* **SOURCE DATA**
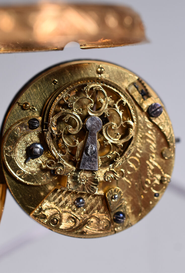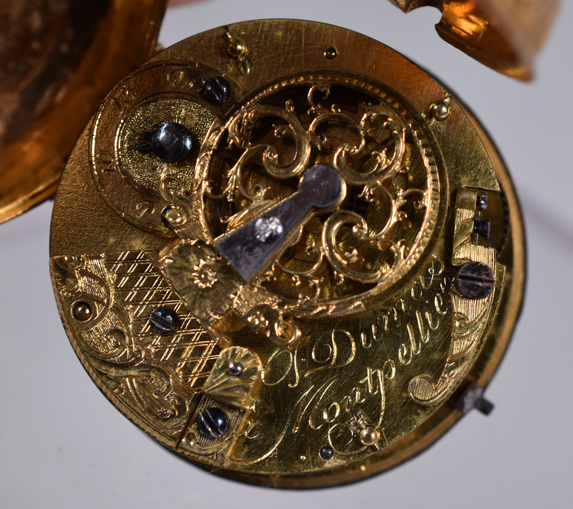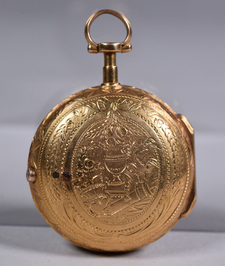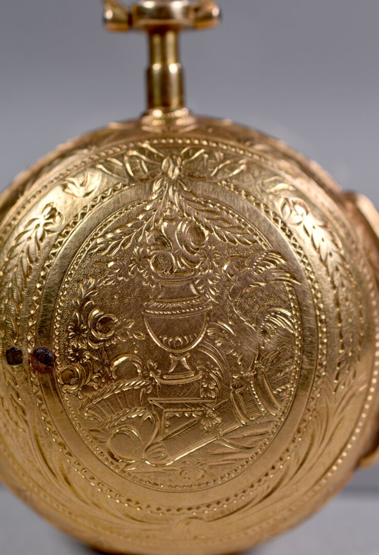 Montre de gousset en or jaune 18K 750/1000e, le dos à décor d’un vase fleuri et carquois, le cadran signé T. DUMAS à Montpellier (éclat, manquent la trotteuse et le verre). Probablement du XVIIIe siècle. Poids brut. : 60,3 g.
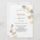 A white background decorated with golden eucalyptus sprigs. Personalize and the name of the bride to be and party details. Black and golden colored letters.
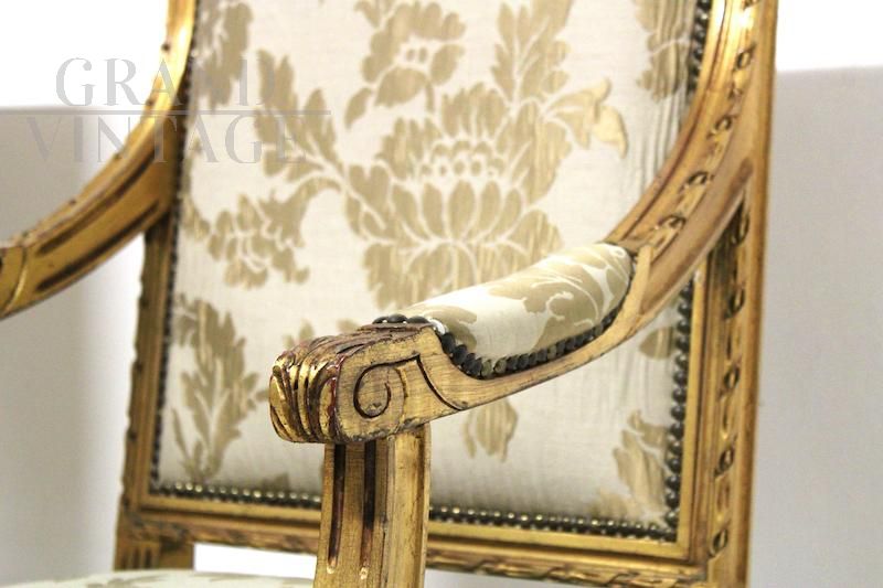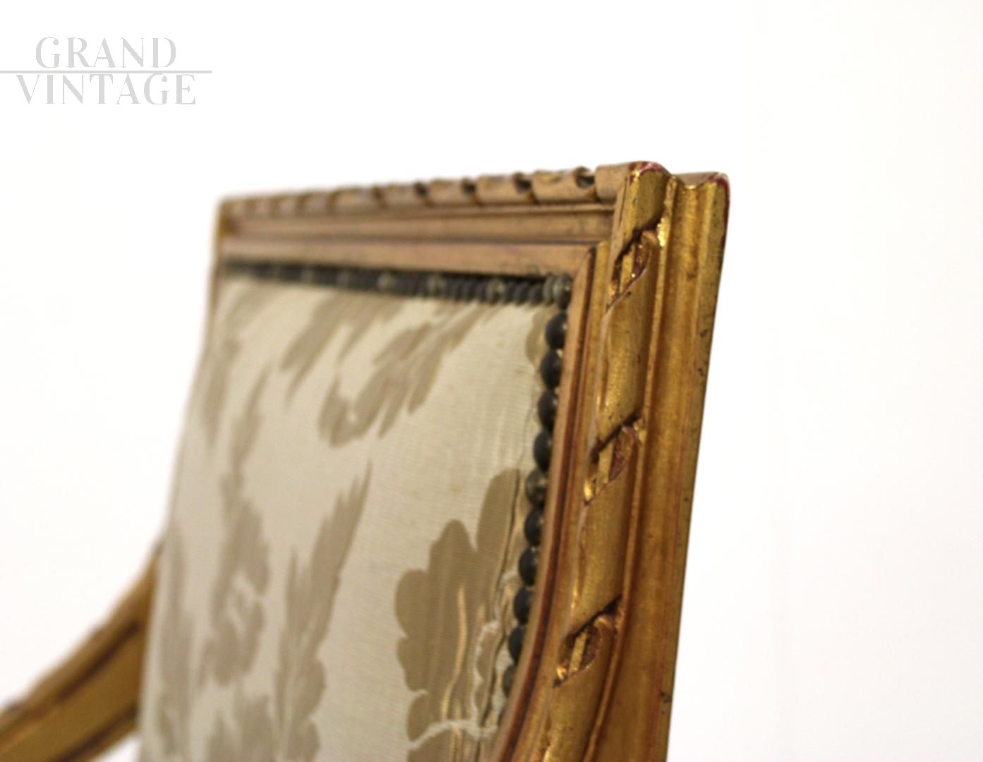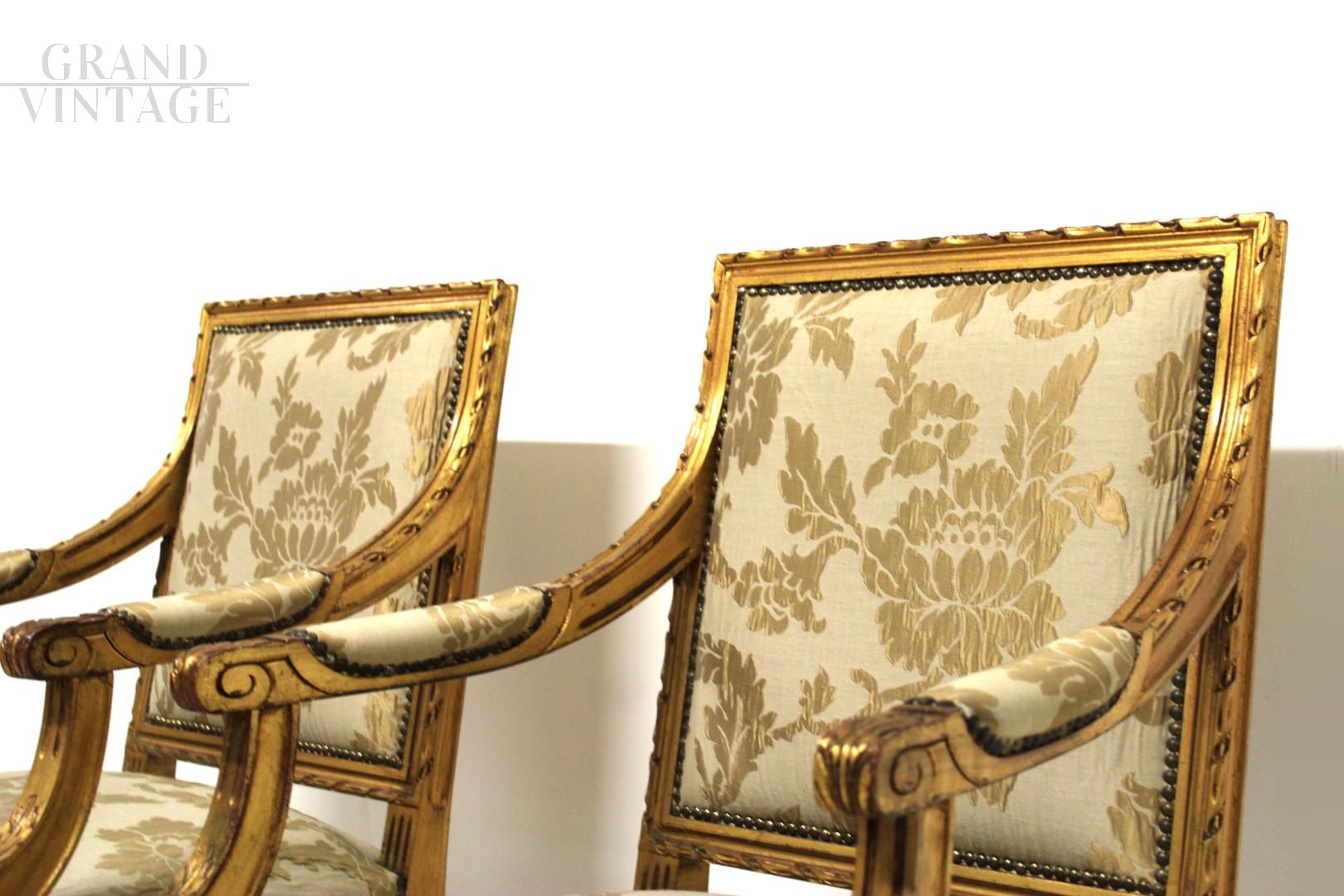 Coppia di poltroncine barocche stile Luigi XVI con struttura in legno e finitura in foglia d'oro, rivestimento in tessuto broccato originale.
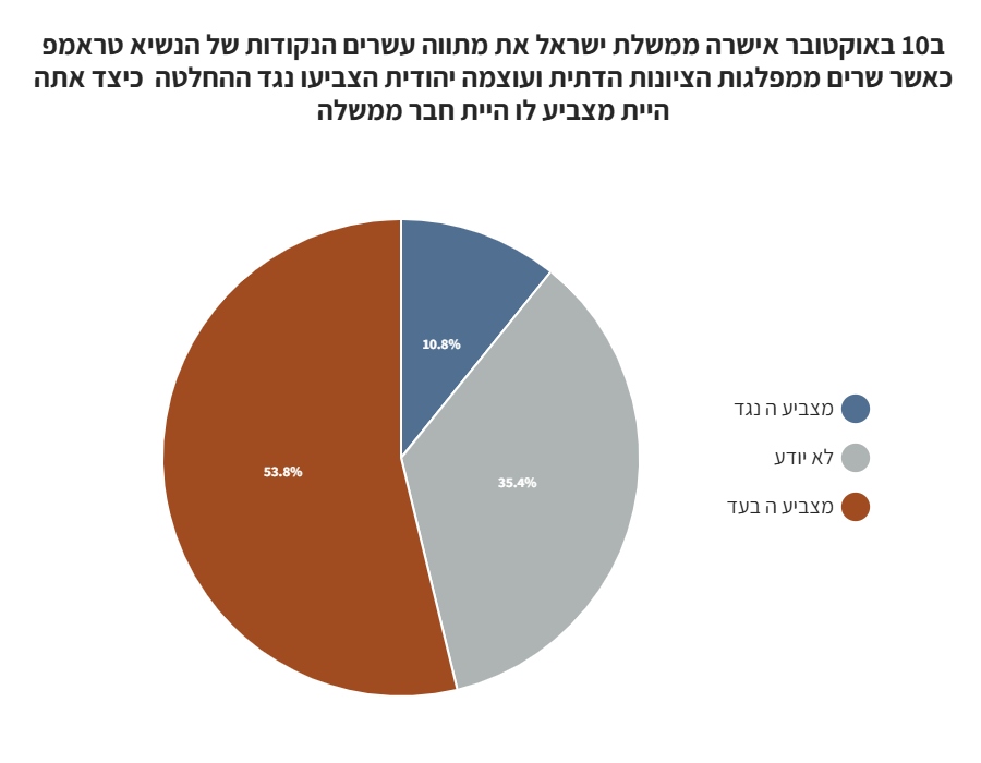 54% השיבו כי היו מצביעים בעד אישור מתווה עשרים הנקודות של הנשיא טראמפ, לעומת 11% שהשיבו כי היו מצביעים נגד החלטה זו. 35% השיבו כי אינם יודעים.

* **TASK PROMPT**
Every line of the material must be returned verbatim, and pictures must be left behind.

* **RESULT OF THE EXERCISE**
 Montre de gousset en or jaune 18K 750/1000e, le dos à décor d’un vase fleuri et carquois, le cadran signé T. DUMAS à Montpellier (éclat, manquent la trotteuse et le verre). Probablement du XVIIIe siècle. Poids brut. : 60,3 g.
 A white background decorated with golden eucalyptus sprigs. Personalize and the name of the bride to be and party details. Black and golden colored letters.
 Coppia di poltroncine barocche stile Luigi XVI con struttura in legno e finitura in foglia d'oro, rivestimento in tessuto broccato originale.
 54% השיבו כי היו מצביעים בעד אישור מתווה עשרים הנקודות של הנשיא טראמפ, לעומת 11% שהשיבו כי היו מצביעים נגד החלטה זו. 35% השיבו כי אינם יודעים.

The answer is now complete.